WHAT IS NEEDED => In the listing below, find the line containing "下载并激活包括office、SQL Server、Windows、Visual Studio在内的众多软件。" and the line containing "泉州网1月27日讯 (融媒体记者龚翠玲 通讯员王子凡". Repeat exactly those two lines and every line between them.

RAW DATA =>
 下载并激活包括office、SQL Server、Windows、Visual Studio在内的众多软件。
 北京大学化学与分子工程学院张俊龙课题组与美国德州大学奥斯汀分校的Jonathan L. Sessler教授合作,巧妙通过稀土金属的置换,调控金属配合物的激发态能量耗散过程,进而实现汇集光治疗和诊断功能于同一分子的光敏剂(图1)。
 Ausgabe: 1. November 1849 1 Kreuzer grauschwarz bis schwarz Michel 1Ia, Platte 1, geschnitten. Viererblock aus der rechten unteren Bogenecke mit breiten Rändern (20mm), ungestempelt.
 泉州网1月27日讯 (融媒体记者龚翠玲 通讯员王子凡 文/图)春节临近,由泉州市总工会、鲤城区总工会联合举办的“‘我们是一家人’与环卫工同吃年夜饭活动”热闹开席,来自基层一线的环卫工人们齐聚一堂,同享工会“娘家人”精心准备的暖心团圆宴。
==
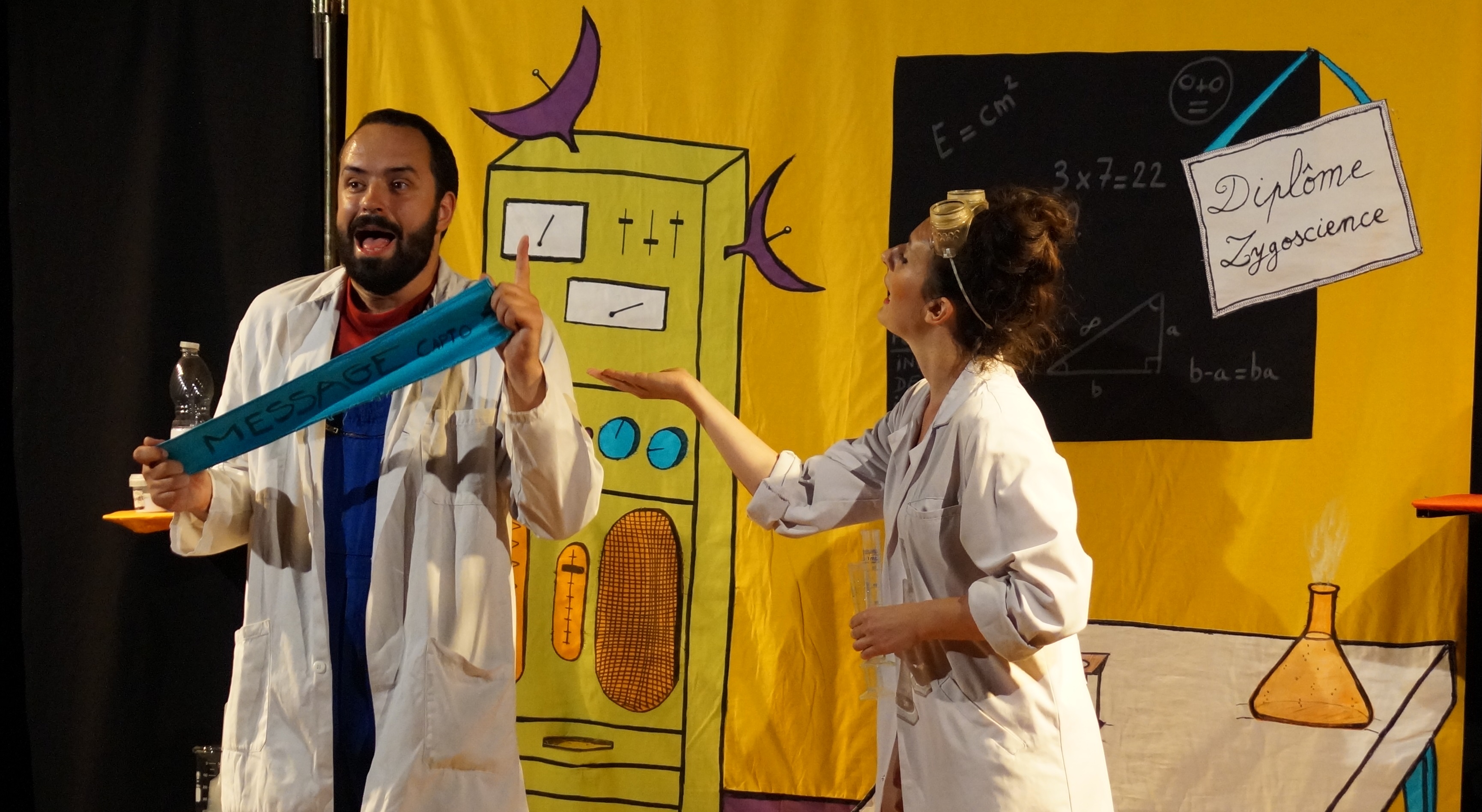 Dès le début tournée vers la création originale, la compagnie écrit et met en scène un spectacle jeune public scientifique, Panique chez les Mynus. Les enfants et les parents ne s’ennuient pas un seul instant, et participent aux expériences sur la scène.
--
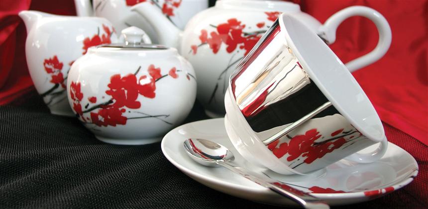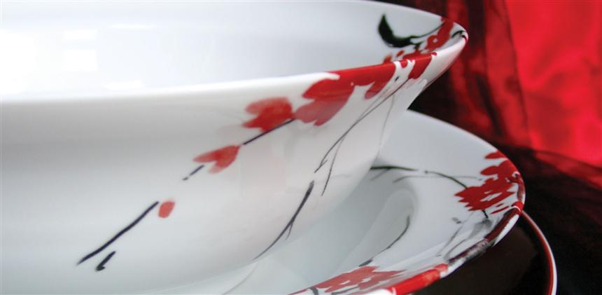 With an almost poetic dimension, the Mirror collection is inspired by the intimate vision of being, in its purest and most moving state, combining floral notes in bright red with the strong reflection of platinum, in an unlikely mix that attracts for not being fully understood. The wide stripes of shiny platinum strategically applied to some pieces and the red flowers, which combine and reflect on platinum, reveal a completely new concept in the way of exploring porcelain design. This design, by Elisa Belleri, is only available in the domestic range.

WORKED SOLUTION =>
 下载并激活包括office、SQL Server、Windows、Visual Studio在内的众多软件。
 北京大学化学与分子工程学院张俊龙课题组与美国德州大学奥斯汀分校的Jonathan L. Sessler教授合作,巧妙通过稀土金属的置换,调控金属配合物的激发态能量耗散过程,进而实现汇集光治疗和诊断功能于同一分子的光敏剂(图1)。
 Ausgabe: 1. November 1849 1 Kreuzer grauschwarz bis schwarz Michel 1Ia, Platte 1, geschnitten. Viererblock aus der rechten unteren Bogenecke mit breiten Rändern (20mm), ungestempelt.
 泉州网1月27日讯 (融媒体记者龚翠玲 通讯员王子凡 文/图)春节临近,由泉州市总工会、鲤城区总工会联合举办的“‘我们是一家人’与环卫工同吃年夜饭活动”热闹开席,来自基层一线的环卫工人们齐聚一堂,同享工会“娘家人”精心准备的暖心团圆宴。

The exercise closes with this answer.